Luciola antipodum Bourgeois, 1884 [Lampyridae: Luciolinae]

Luciola antipodum Bourgeois, 1884: 285.

Rhagophthalmus antipodum: Olivier 1902: 87; Fauvel, 1904: 140.

Bourgeoisia antipodum: Olivier 1908: 17.

Distribution

New Caledonia, Solomon Islands.

Remarks

This firefly species was originally described in Luciola Laporte, 1833 (Bourgeois 1884) and later transferred to Rhagophthalmus by Olivier (1902). The same author later placed this species in his new genus Bourgeoisia Olivier, 1908, and McDermott (1966) subsequently designated it the type species of this genus. Bourgeoisia is currently considered a synonym of Luciola (e.g., Ballantyne and Lambkin 2013; Ballantyne et al. 2019). For more information on L. antipodum see e.g., McDermott (1966); Ballantyne (1968); Ballantyne and Lambkin (2013); and Ballantyne et al. (2019).

Reductodrilus Pic, 1943 [Lampyridae: Ototretinae]

Reductodrilus Pic, 1943: 9. Type species. Reductodrilus nigroapicalis Pic, 1943; by monotypy.

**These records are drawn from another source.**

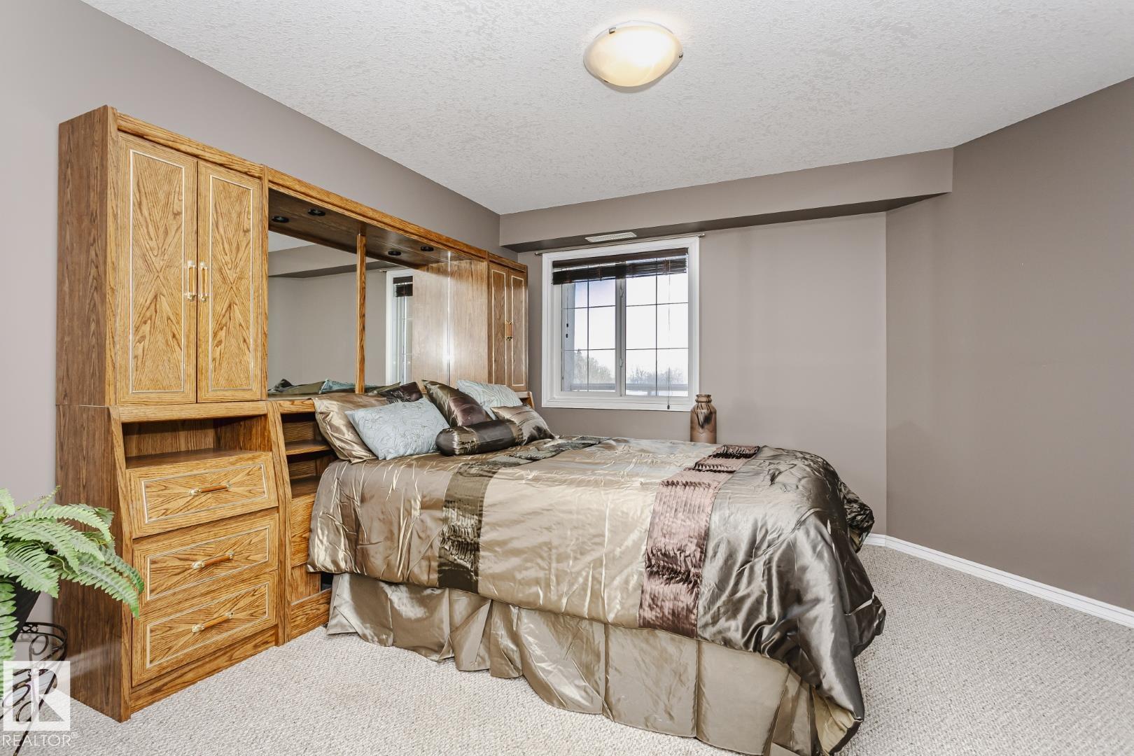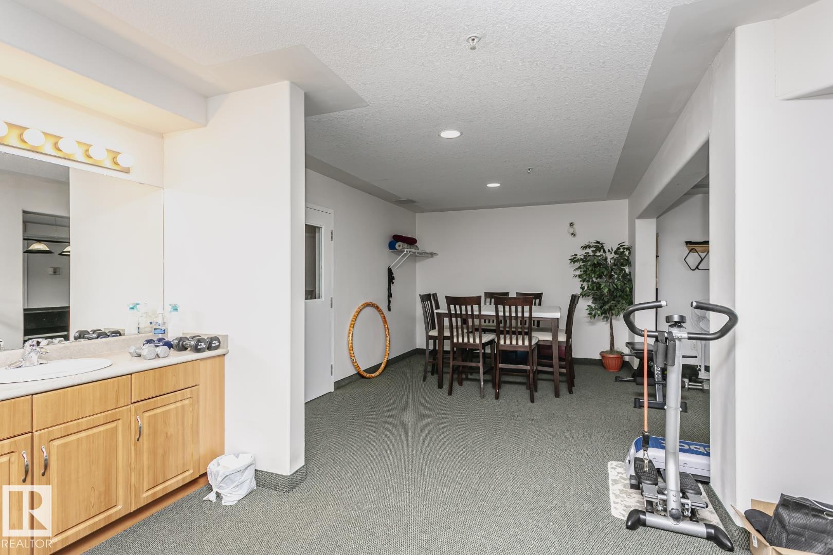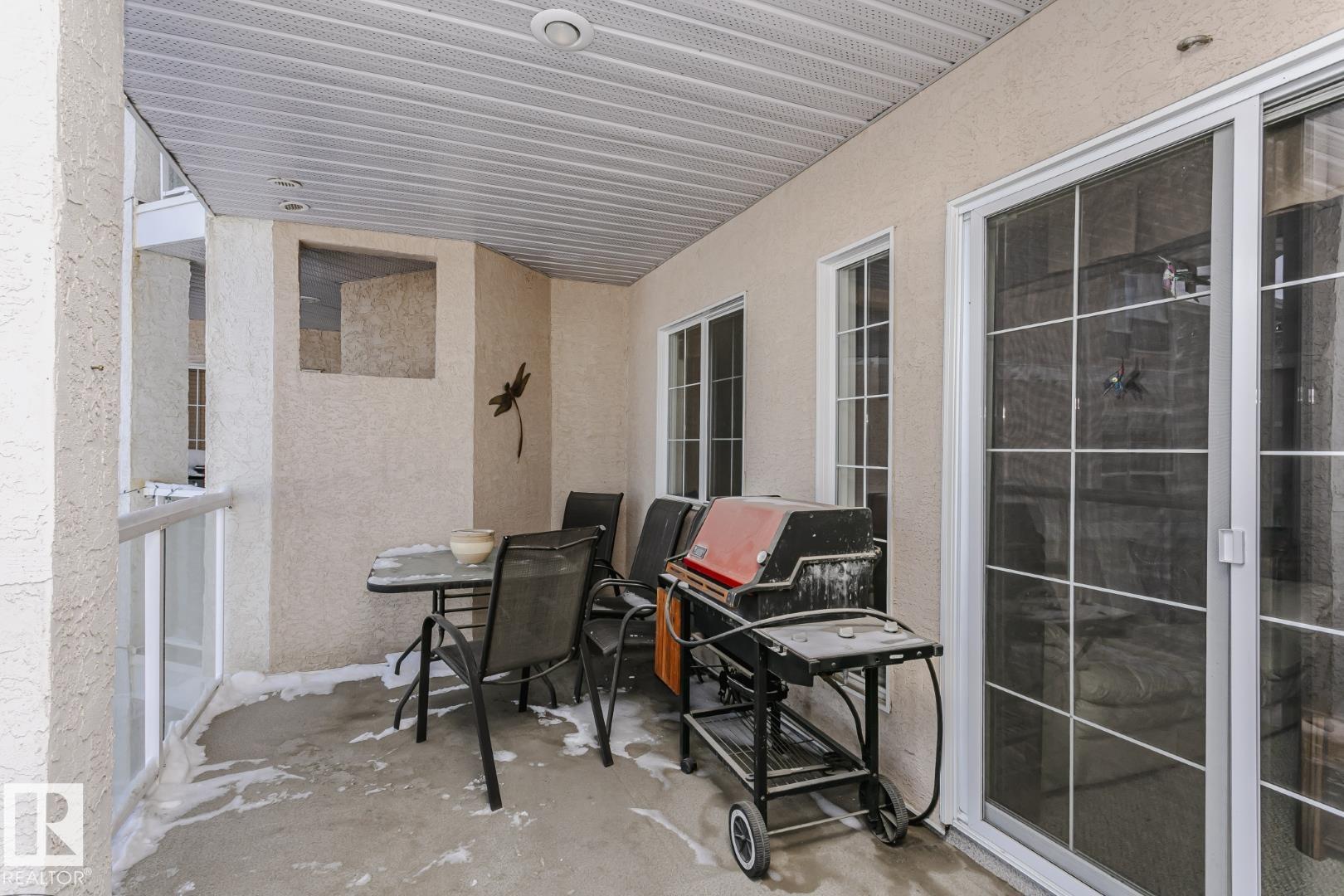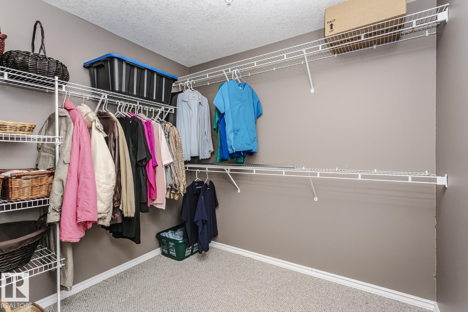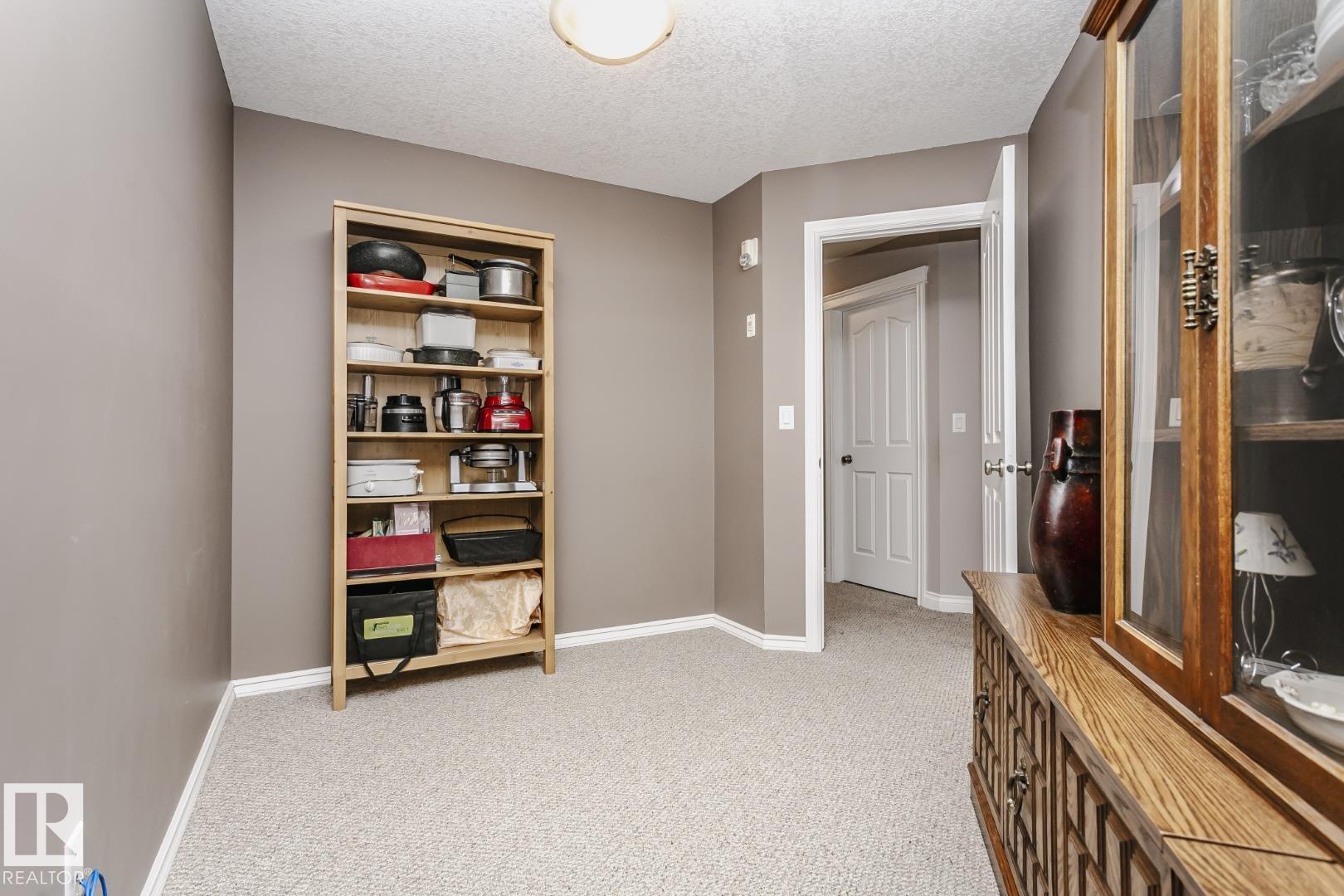 Great 1 bedroom PLUS den condo in Stony Plain's Cedar Brae Court. Boasting 911 sq ft, this suite offers a great layout! Spacious, functional kitchen with lots of counter and cupboard space, under cupboard lighting and black appliances. Opens to large living room with corner fireplace and patio doors leading to your east balcony overlooking green space. Master bedroom will comfortably fit a king bed, access door into 4-piece bathroom with jetted tub and HUGE walk-in closet. Various options for your den / flex room. Laundry room offers stackable washer & dryer, built-in shelving & room for your freezer. Underground parking stall with storage cage just steps from the elevator. Amenities include games room with exercise area & library, as well as separate building that can be rented / used for special events. Welcome Home!
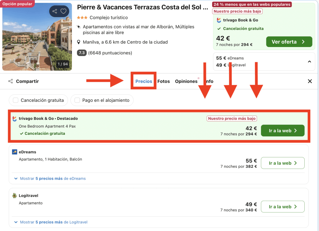 En Trivago, dirígete a la pestaña «Precios» en la página del hotel y elige la opción destacada:
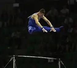 Kovtun competed at the World Cups in Cairo, Cottbus, and Baku; he won gold on the parallel bars at each competition.[33][34][35] He next competed at the Osijek Challenge Cup where he won gold on floor exercise and silver on parallel bars behind Lukas Dauser.[36] In late April Kovtun competed at the European Championships alongside Nazar Chepurnyi, Igor Radivilov, Radomyr Stelmakh, and Oleg Verniaiev; together they qualified to the team final in first place and individually Kovtun qualified to the parallel bars and horizontal bars finals. Additionally Kovtun finished sixth in the all-around. During event finals Kovtun won gold on both apparatuses.[37] During the team final Kovtun contributed scores on pommel horse, rings, parallel bars, and horizontal bar towards Ukraine's first place finish.[38]
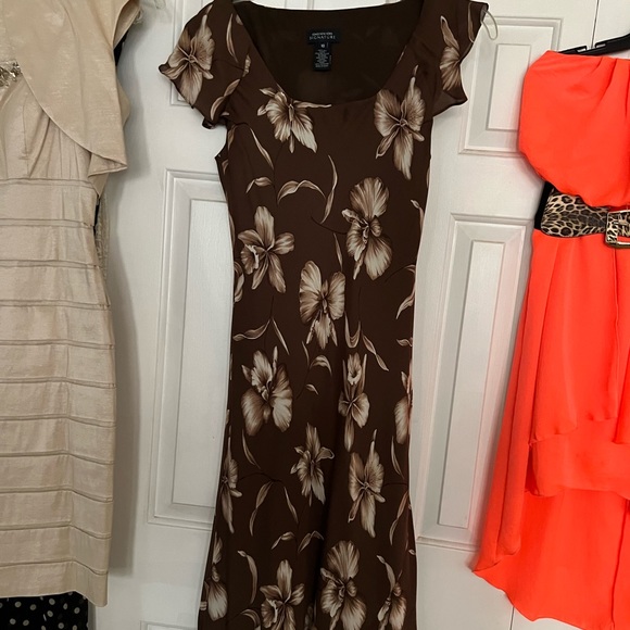 Beautiful brown dress falls right below the knee size 10 worn a couple times
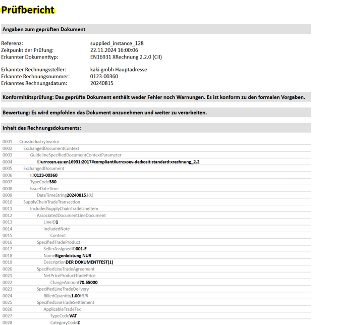 Ist die Rechnung nicht valide, weist das Protokoll die fehlenden Pflichtfelder aus. Das Protokoll kann kopiert und dem Lieferanten als Hinweis weitergeleitet werden.
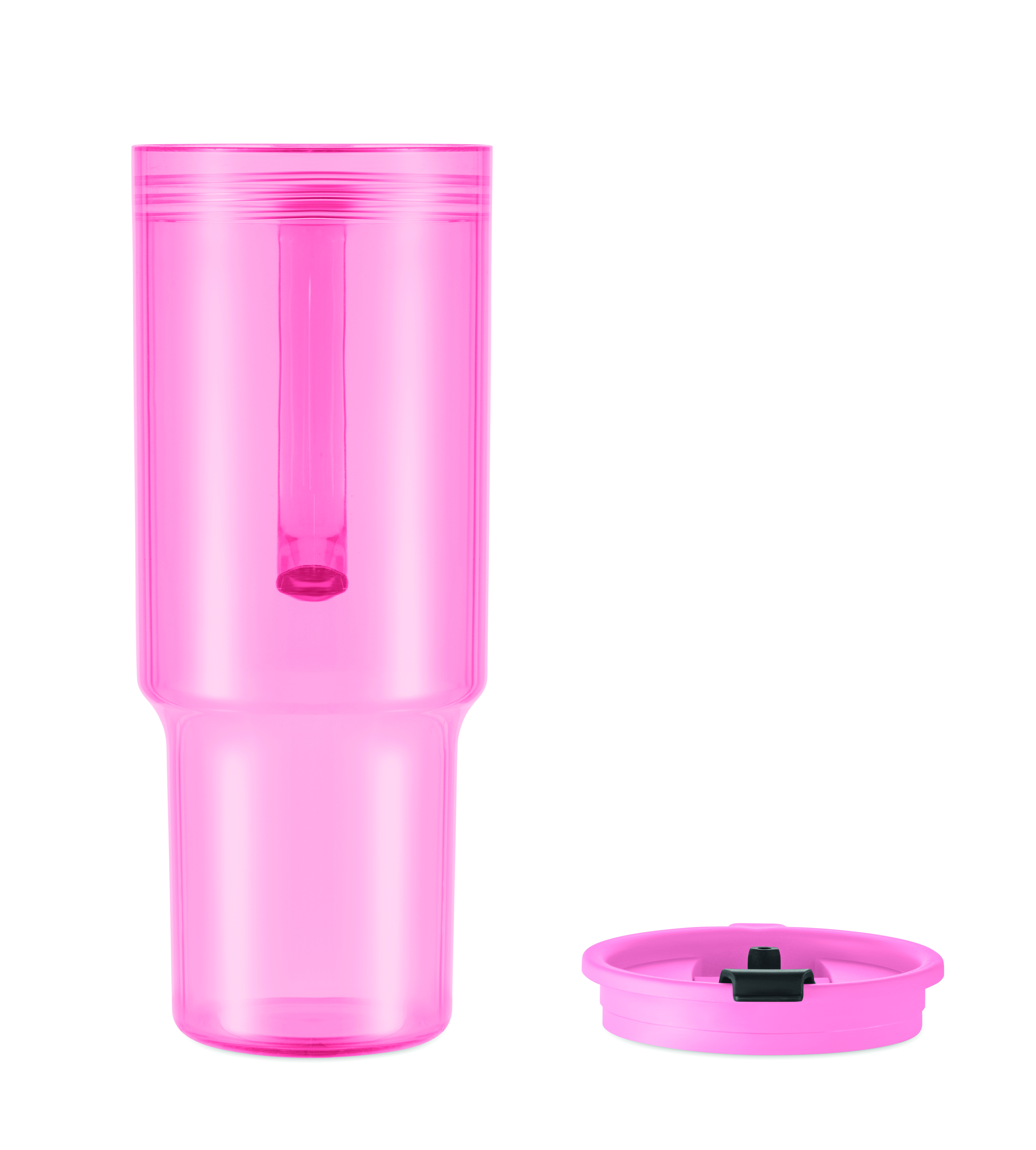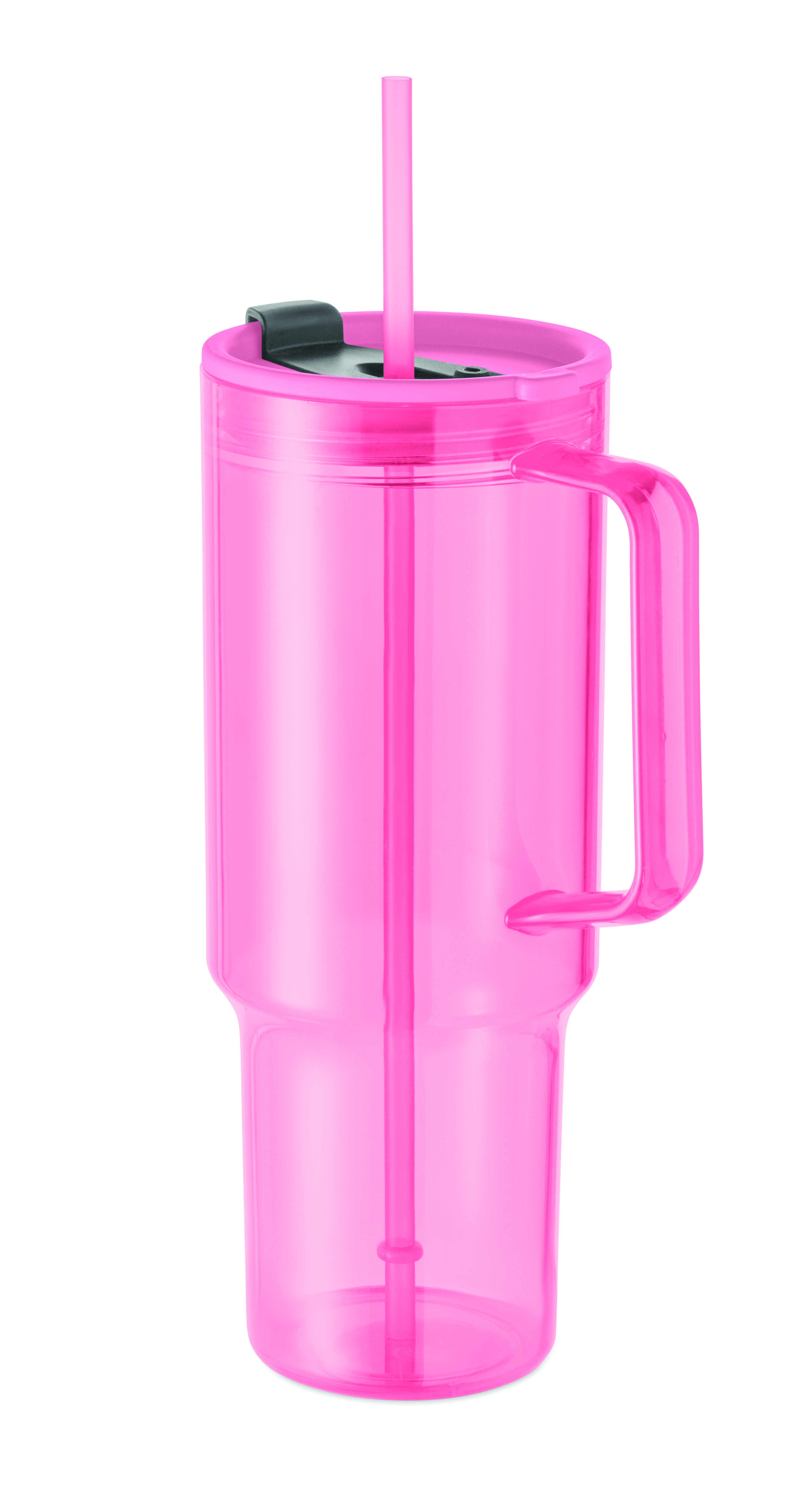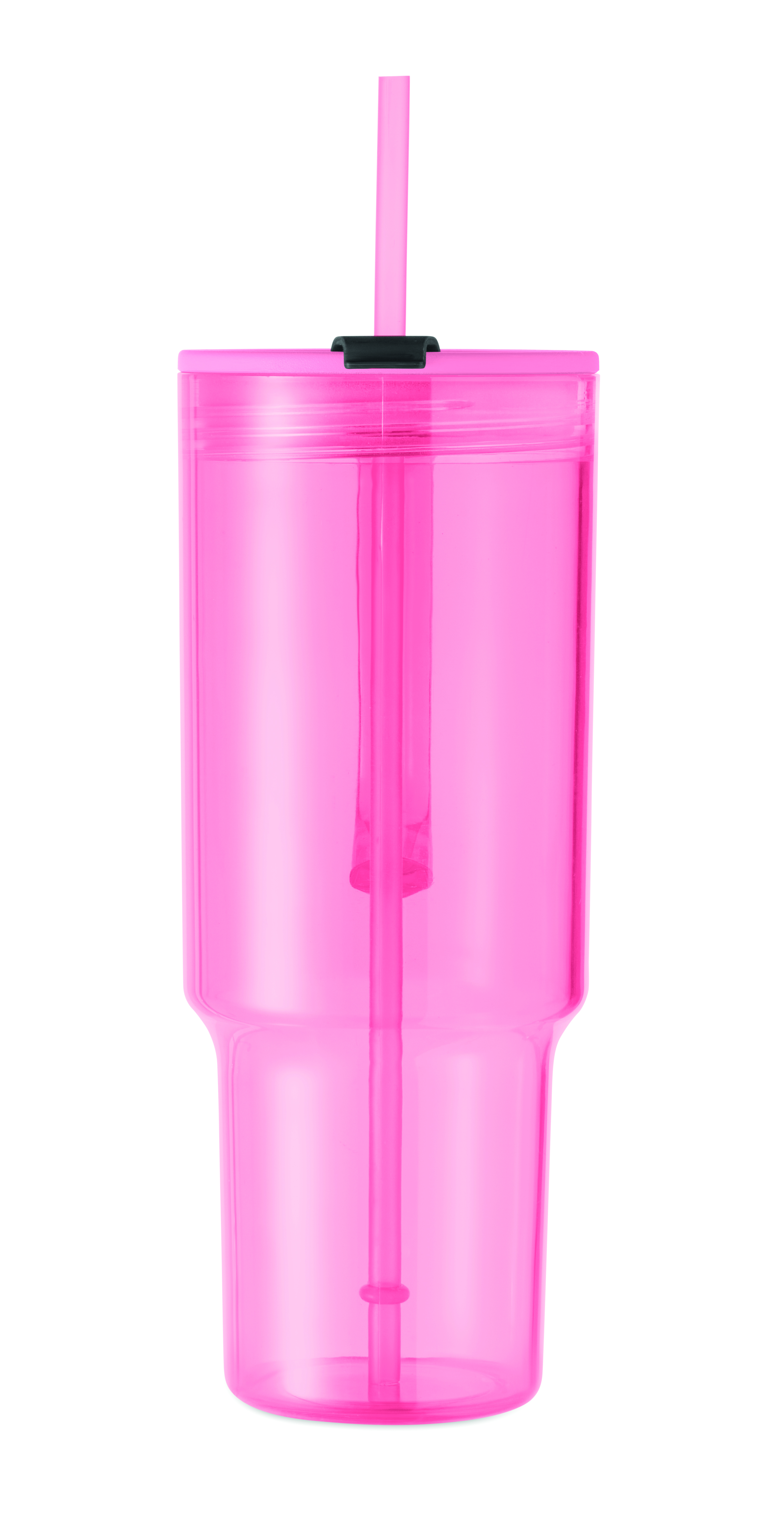 Kubek z RPET z pokrywką ze słomką. Słomka z PP. Pojemność: 1200 ml.
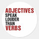 Adjectives speak louder than verbs classic round sticker
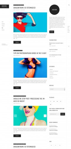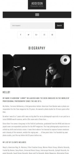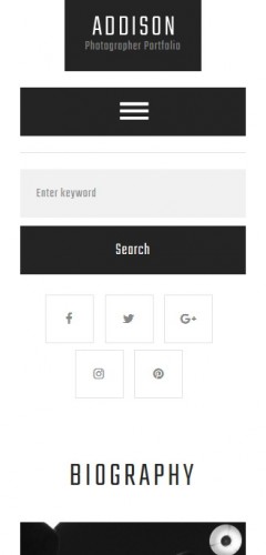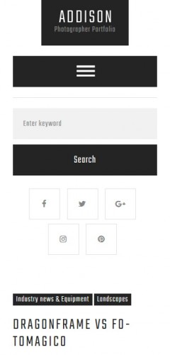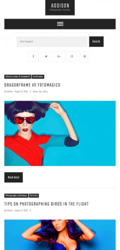 Addison is a modern WordPress theme meant to build a creative photographer portfolio. It runs on Cherry Framework, which provides easy installation, customization, and content management. One of its plugins, Cherry Projects, allows you to showcase your works in a stylish gallery. In an intuitive admin panel, you can set the layout type, pagination mode, and animation effects. In addition to images, the plugin supports audio and video formats. It will let you engage viewers with your projects.The theme also features an easily manageable photo grid. With its help, you can display images by categories or tags. To adapt your online portfolio to your personal style, there is a live customizer. The tool is rather convenient, as it enables you to preview each change without saving it and reloading the page. Built with Bootstrap 3 Framework, Addison automatically scales to any display. In that way, visitors can browse your photo gallery via desktops, tablets, and smartphones. No matter what device they use, the screen image will look the same well.

Composition and distribution

Only a single species, R. nigroapicalis Pic, 1943 from northern Borneo (Malaysia: Sabah). Reductodrilus nigroapicalis var. latetestaceus Pic, 1943 should have a subspecific status according to Article 45.6.4. of the Code (ICZN 1999).

Remarks

Reductodrilus was initially placed in Drilidae (Pic 1943; Wittmer 1948). After most Drilidae genera were transferred to different families (e.g., Lampyridae, Lycidae, Omethidae, and Rhagophthalmidae) by Crowson (1972), Reductodrilus remained in an uncertain position. Kundrata and Bocak (2011a) listed it in Rhagophthalmidae in their revision of Pseudothilmanus. Probable syntypes of both subspecies of R. nigroapicalis are deposited in MNHN. Here, we tentatively transfer Reductodrilus to Lampyridae: Ototretinae based on its suboval and somewhat flattened body, antennae with 11 antennomeres which clearly extend beyond the posterior pronotal margin, head partially covered by pronotum, eyes clearly separated by frons, pronotum transverse, medially elevated, with anterior angles inconspicuous, rounded, and posterior angles projected posteriad (for more details see Janisova and Bocakova 2013). A detailed revision of this genus should improve our understanding of its systematic position.

Discussion

Although Rhagophthalmidae have been known to entomologists for more than a century, their taxonomy and classification are still poorly known. The number of genera included in Rhagophthalmidae and also their placement within Elateroidea classification vary by source (e.g., McDermott 1966; Crowson 1972; Lawrence and Newton 1995; Kawashima et al. 2010; Kundrata and Bocak 2011a). In the last decade, Elateroidea systematic research has accelerated and the classification of the superfamily has experienced many taxonomic changes (e.g., Kundrata et al. 2014, 2019; Bocak et al. 2018; Kusy et al. 2018b, 2021), including the discoveries of two new recent families (Bocak et al. 2016; Rosa et al. 2020) and one new extinct family (Li et al. 2021b). However, only six new species of Rhagophthalmidae were described in three taxonomic papers in the same period (Ho et al. 2012; Kazantsev 2012; Yiu 2017). This is especially striking when compared to the most closely related family of Rhagophthalmidae (i.e., Phengodidae), where numerous taxonomic studies were published (e.g., Constantin 2014, 2016; Zaragoza-Caballero and Hernández 2014; Roza et al. 2017, 2018; Roza and Mermudes 2019, 2020; Vega-Badillo and Zaragoza-Caballero 2019; Vega-Badillo et al. 2020, 2021a, b), including not only descriptions of several new genera and species but also phylogenetic analyses of the group (Zaragoza-Caballero and Zurita-García 2015; Quintino 2017; Kundrata et al. 2019; Roza 2022). In Rhagophthalmidae, the most important research topics include taxonomic limits, phylogenetic relationships, accurate dating of the origin of the group, the evolution of bioluminescence and paedomorphosis, systematics of all genera (including revisions of already known species as well as descriptions of new taxa), descriptions of paedomorphic females and immature stages for all genera and species, and evaluating the distribution of the group at both generic and family levels.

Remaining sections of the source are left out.